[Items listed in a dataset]
**********

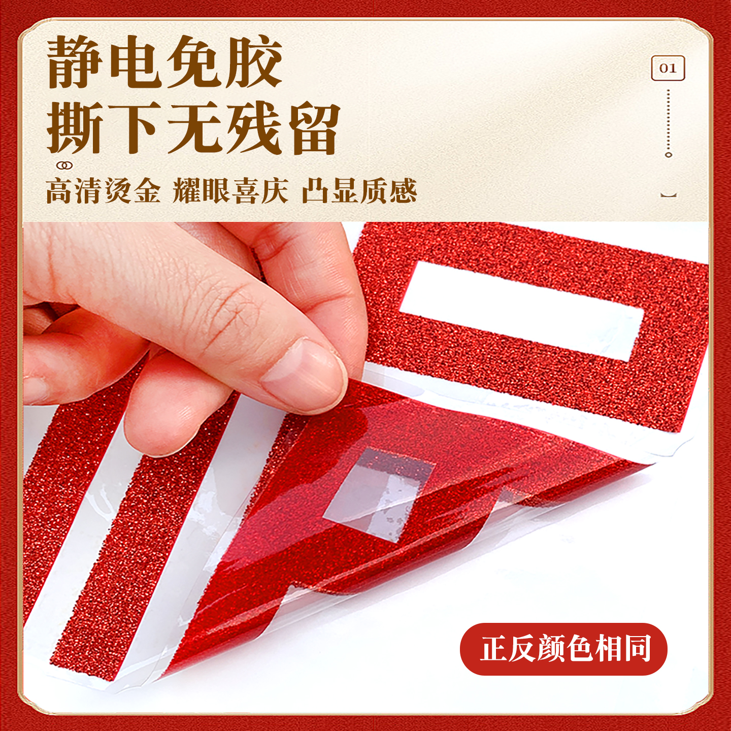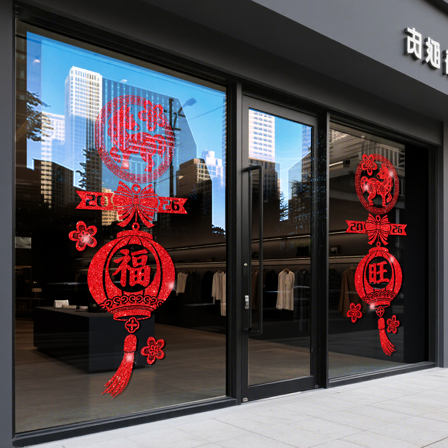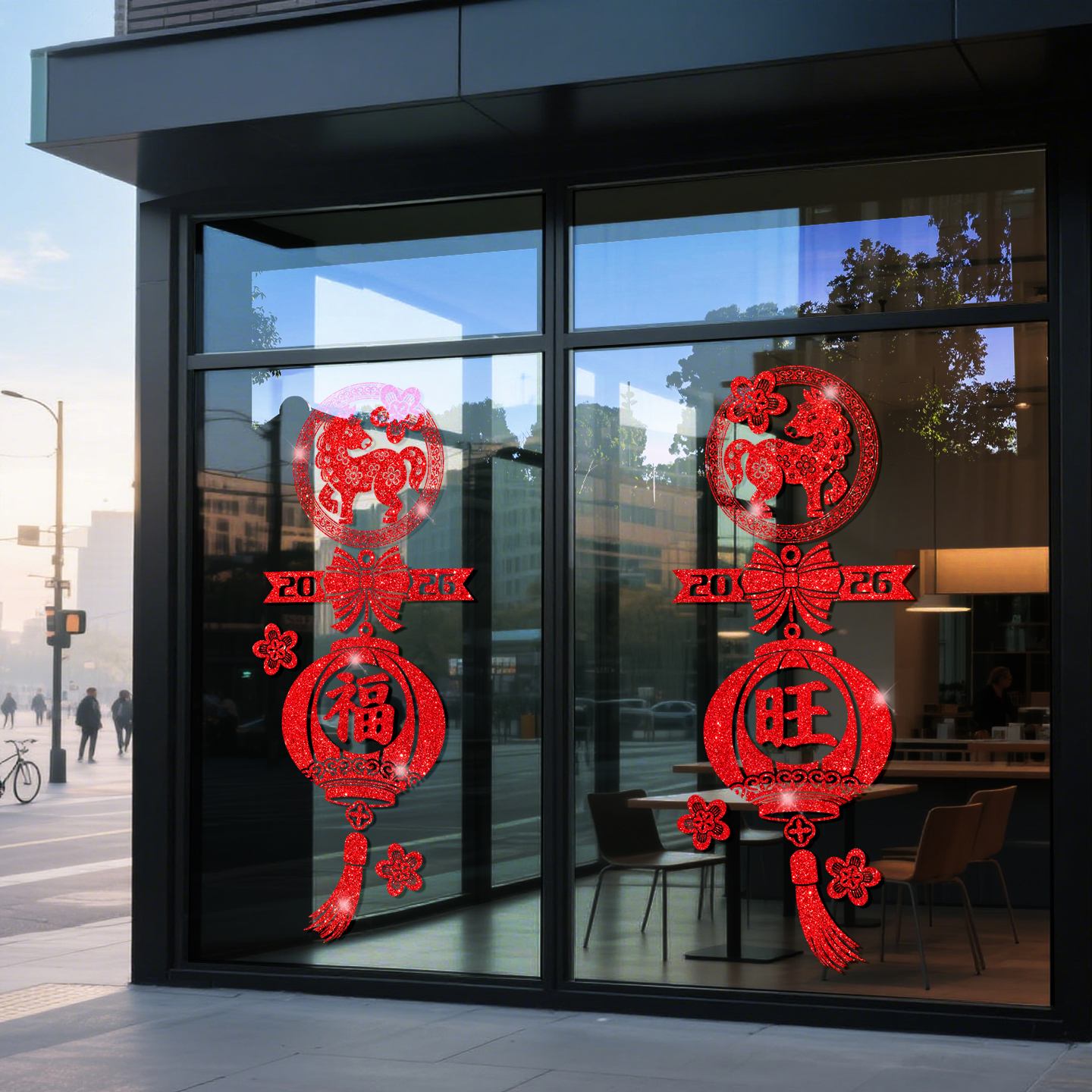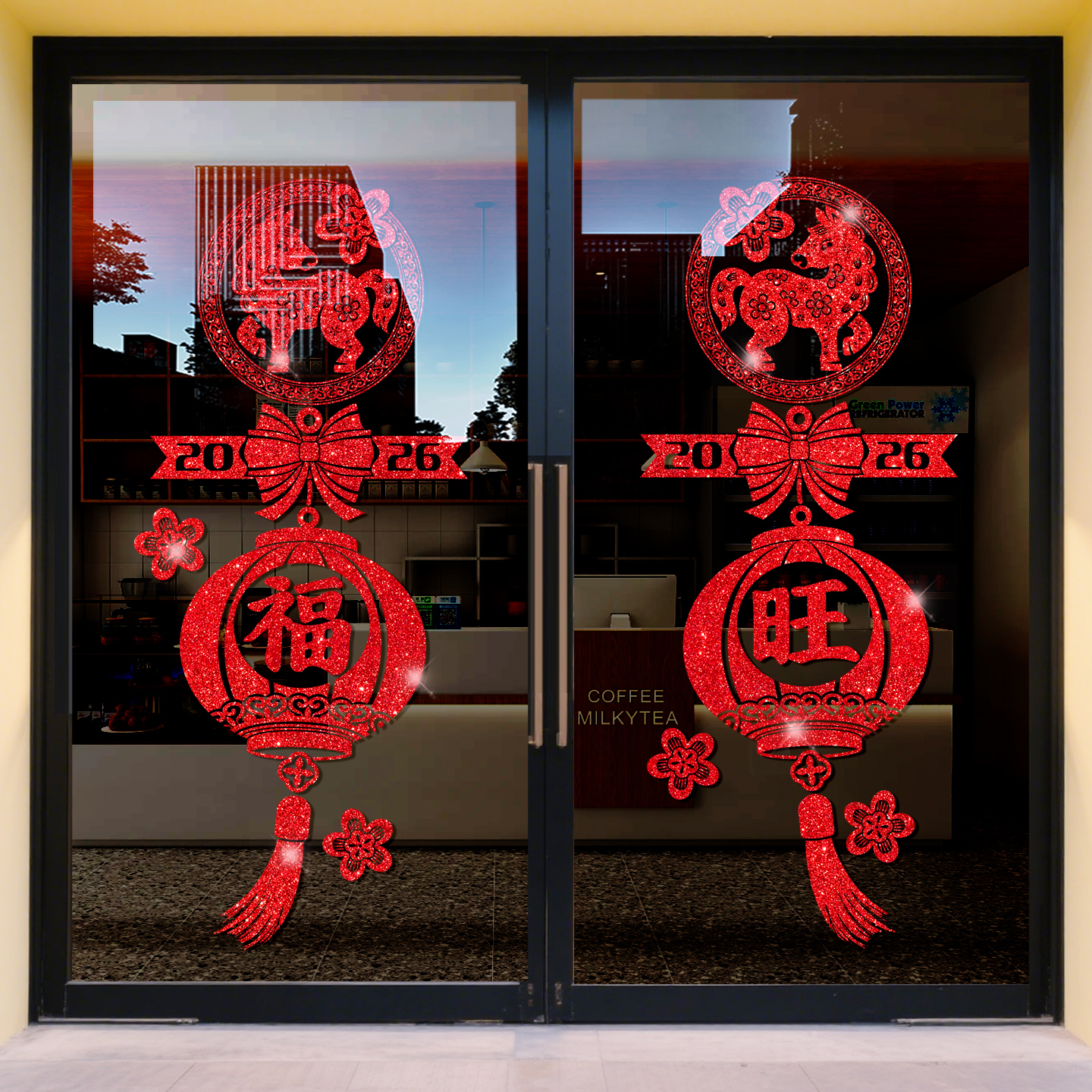 2026新年装饰闪粉玻璃贴纸福字窗贴过年马年门贴春节窗花福字年画
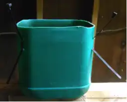 | 4 | Drill 4 holes in the back of the containers. The 2 top holes should be 7 inches from the bottom and 1.5 inches from the side. The bottom holes should be 1 inch below the top holes. A 1/4 inch drill bit should be used for these holes. | ![]() |
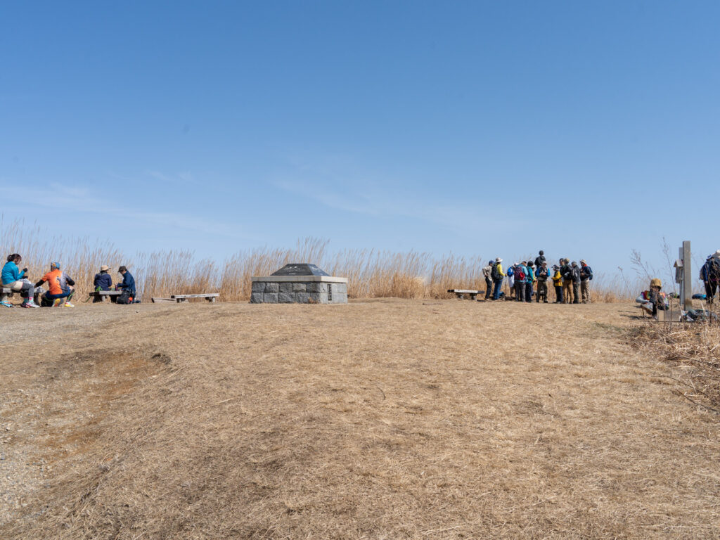 山頂標識のある場所から少し手前に戻った山頂広場には、いくつもベンチが置かれ、景色を楽しむ登山客の姿が見えました。
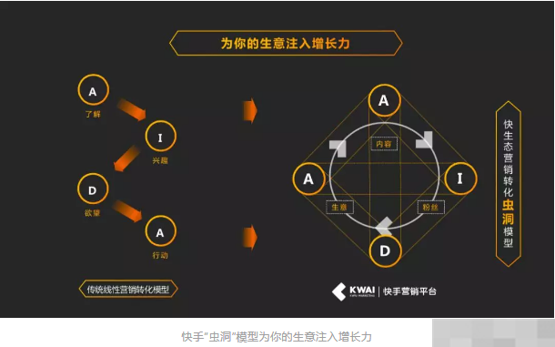 快手用户不以精心的表演和精美制胜,更强调真实、真诚,从而降低内容创作门槛,留存率更高。快手用户对已关注的创作者保持持续关注,平均每周对单个关注KOL至少点赞,评论1次以上。基于这一强社交关系链,快手围绕AI+DA(人工智能+数据分析)打造的“虫洞”模型,让AI在快手强大视频理解能力的基础上,深度参与到商业化的精准投放、素材制作和智能运营工作中。在此过程中,品牌方与用户之间的距离被大大缩短,消费者的决策成本也被显著降低。用户对于品牌的体验不再是线性的、一次性的,而是多点触发的、高频且高效的。
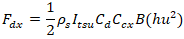 Donde Fdx es la Fuerza Total de Tsunami, Itsu es el Factor de Importancia de Tsunami, Cd es el Coeficiente Drag para el edificio (ver Tabla 6.10-1 de ASCE 7-16 Capítulo 6), h es la profundidad de inundación, u es la velocidad de flujo y Ccx es un coeficiente dado por la ecuación 6.10-3 de ASCE 7-16 capítulo 6 y B es el ancho de la estructura afectada por el Tsunami
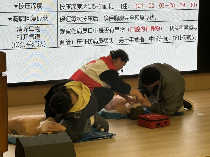 培训以理论授课拉开序幕,戚老师结合生活中的真实急救案例讲解了应急救护的基本原则与操作规范,迅速调动起学员们的学习积极性。培训内容按“生命支持优先级”科学排布,先聚焦心跳呼吸骤停这一危急场景,详解心肺复苏(CPR)与自动体外除颤仪(AED)使用核心知识。
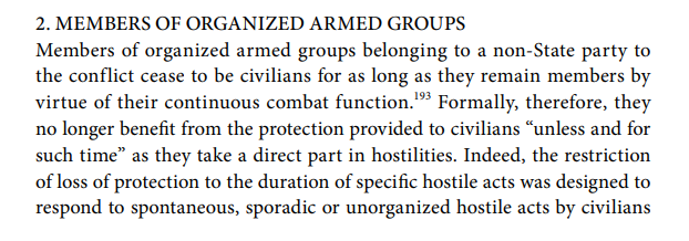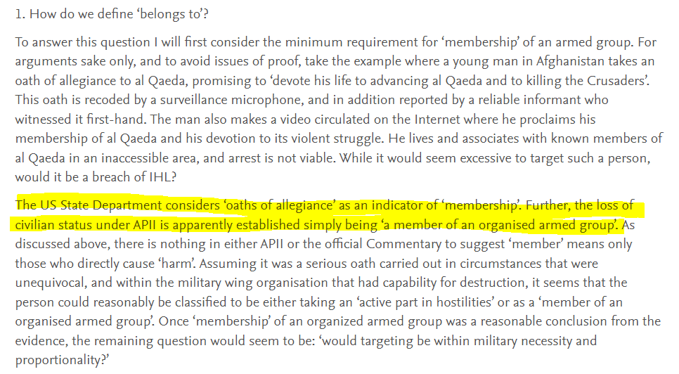 For the US, for instance, simply swearing an oath to al-Qaeda was enough to turn someone into a "member" and lose all civilian protections. Similarly, are non-combat "members", members? Is a Hamas cook or driver "not a civilian" anymore? see here: papers.ssrn.com/sol3/papers.cf…
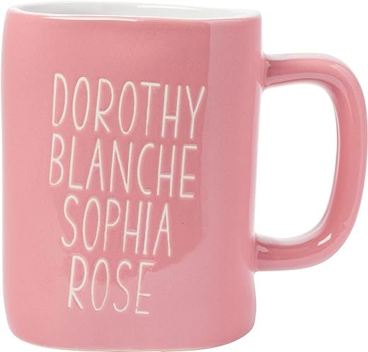 - WAX RESIST CERAMIC MUG: Enjoy your morning beverage in this cute Golden Girls 24.5oz. Wax Resist Ceramic Pottery Mug. Features the Golden Girl’s names against a Pink background
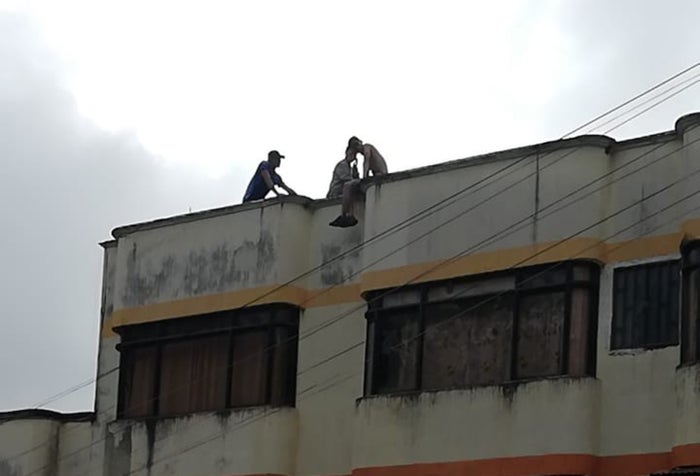 En primera instancia fue divisado en esa terraza por personas y conductores que pasaban por la zona, quienes observaron al hombre ‘encaramado’ en la azotea, amenazando con lanzarse al vació. De un momento a otro, muchos comenzaron a llegar para gritarle al hombre que no lo hiciera.
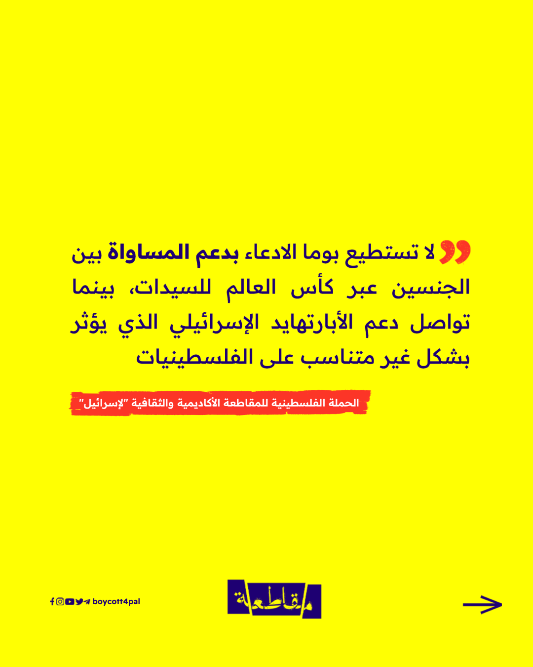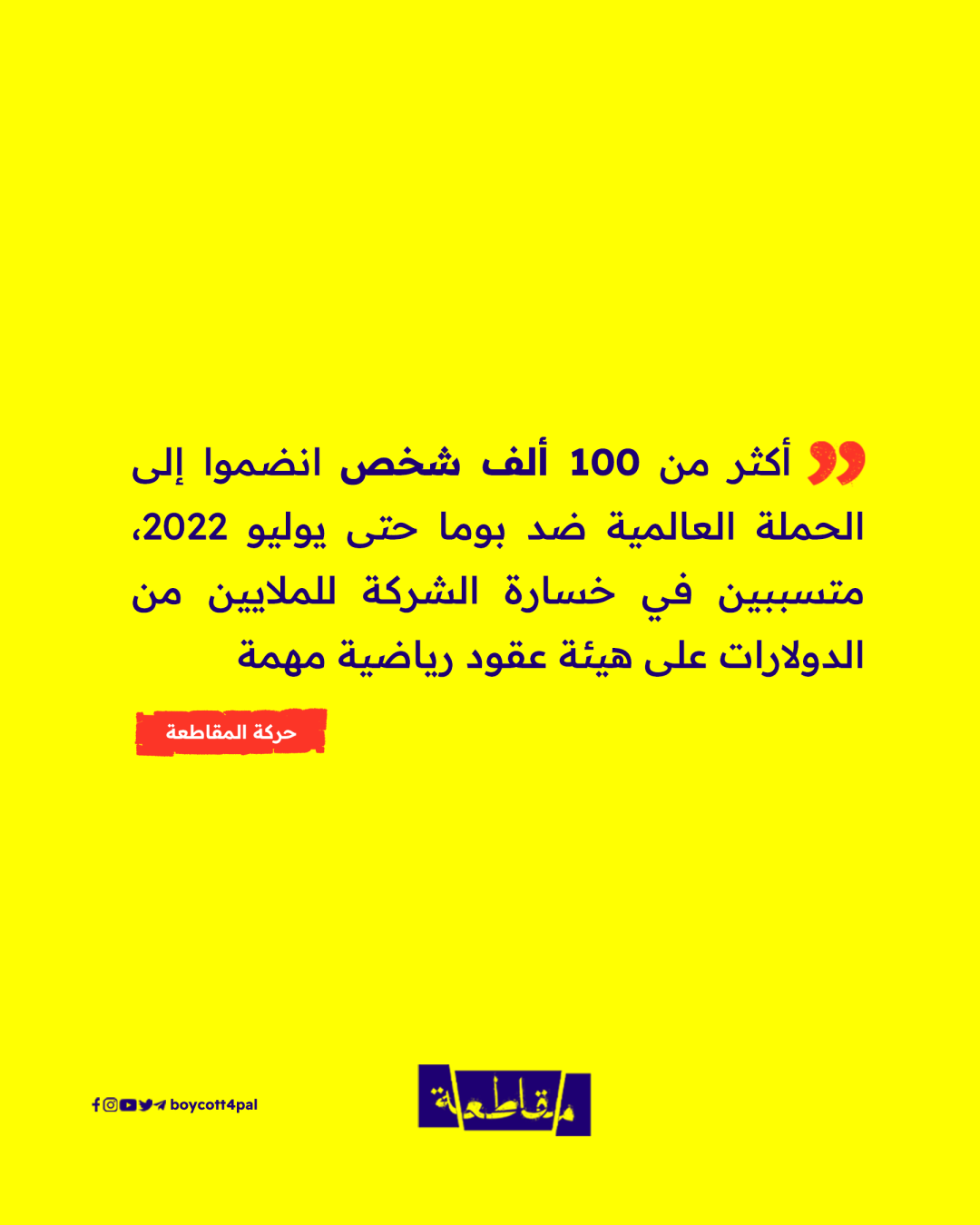 بينما تسعى الشركات الدولية للترويج لعلامتها التجارية خلال البطولات العالمية، باتت هذه المحافل فرصة للدعوة المستمرة إلى مقاطعة شركة "بوما"، ولعل هذا ما أثبته كأس العالم للسيدات، والذي انطلق مؤخرًا وسط دعوات للعمل ضد "بوما"، على غرار حملات المقاطعة في "الفيفا" لعام 2022.
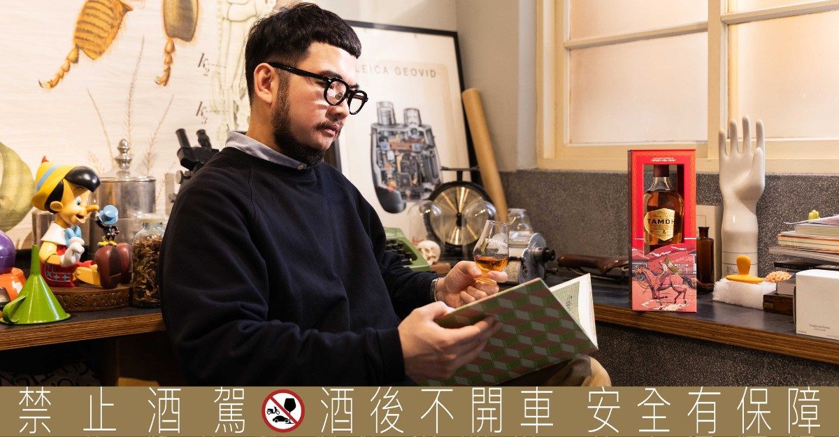 鄒駿昇的色彩選擇也值得玩味。他刻意收斂鮮豔色調,轉而採用帶有歲月感的老色調,這種色彩本身就隱含了時間的厚度;畫面中那條偏粉紅色的河流,正是斯佩河的意象。坦杜自1897年成立以來,一直使用流入斯佩河的水源進行蒸餾,這條河儼然是其威士忌風味的根本之一。藝術家將這些元素巧妙融合,讓一個威士忌包裝成為關於旅程、風味與時間的完整敘事。
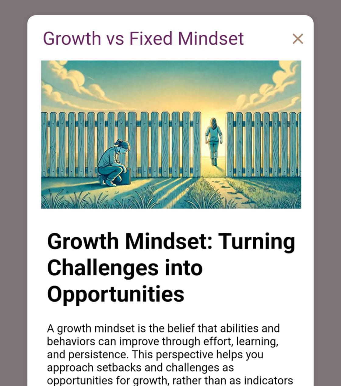 Share the Growth vs Fixed Mindset infosheet with your patient
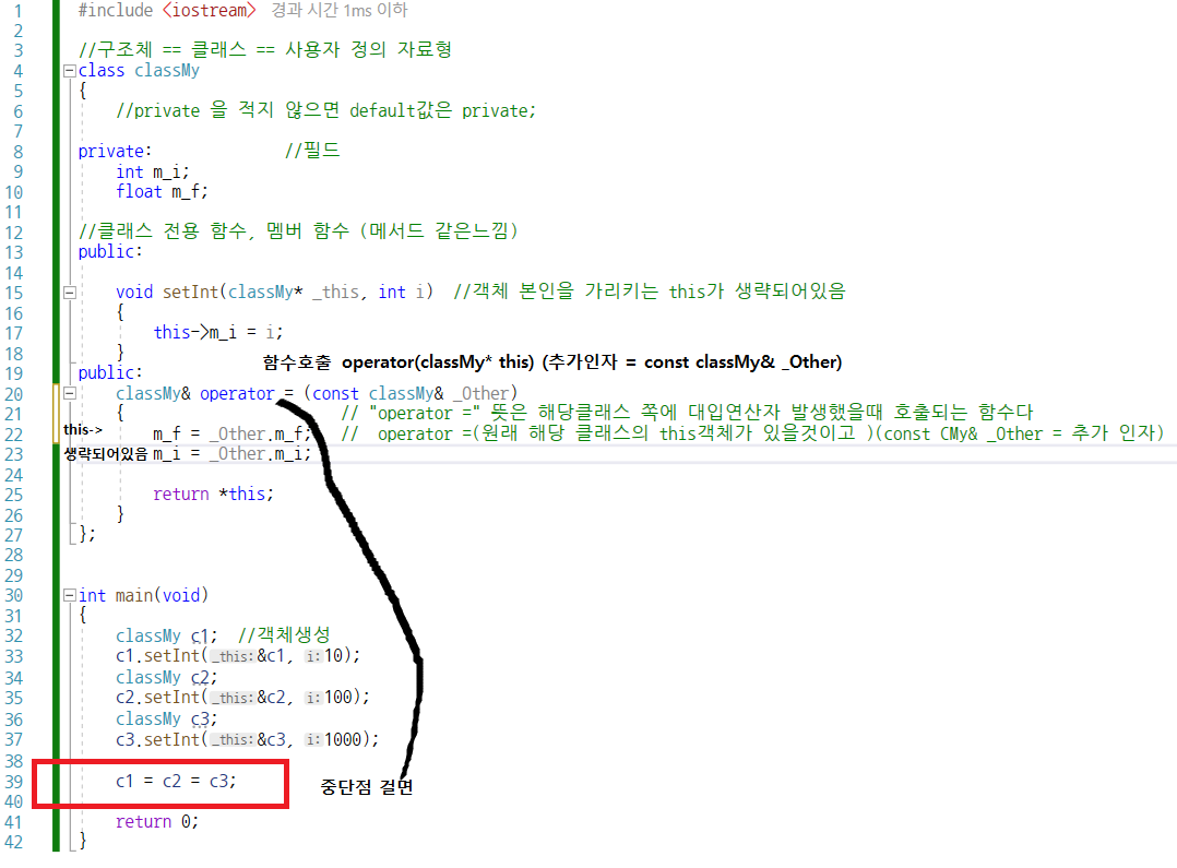 반환타입이 클래스명 + &인 이유는 c1 = c2 = c3; 중에 c2 = c3가 먼저 연산 되는데
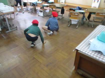 4組のメンバーは、かえる跳びをして
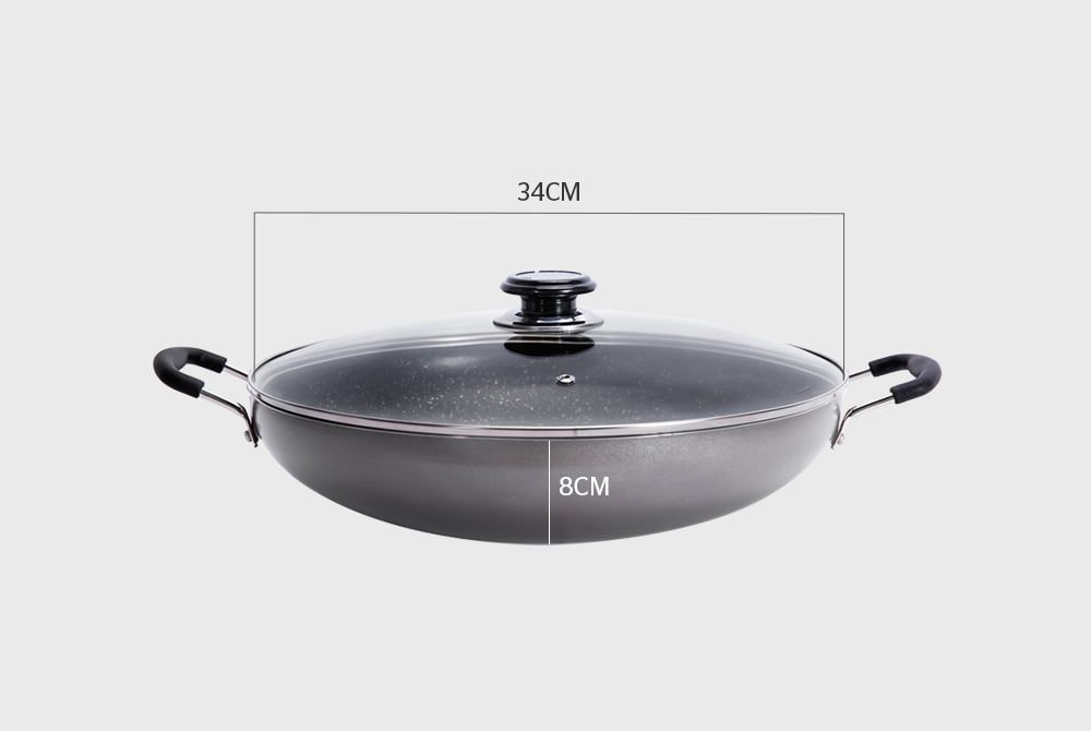 Với đường kính lớn (34cm), sâu đến 8cm, chảo có thể chiên xào được lượng thức ăn lớn

**********

Task requirements ::
Your task is to return the lines above, from the first one up to and including the line containing "山頂標識のある場所から少し手", minus any pictures.

Exercise solution ::
 2026新年装饰闪粉玻璃贴纸福字窗贴过年马年门贴春节窗花福字年画
 | 4 | Drill 4 holes in the back of the containers. The 2 top holes should be 7 inches from the bottom and 1.5 inches from the side. The bottom holes should be 1 inch below the top holes. A 1/4 inch drill bit should be used for these holes. | ![]() |
 山頂標識のある場所から少し手前に戻った山頂広場には、いくつもベンチが置かれ、景色を楽しむ登山客の姿が見えました。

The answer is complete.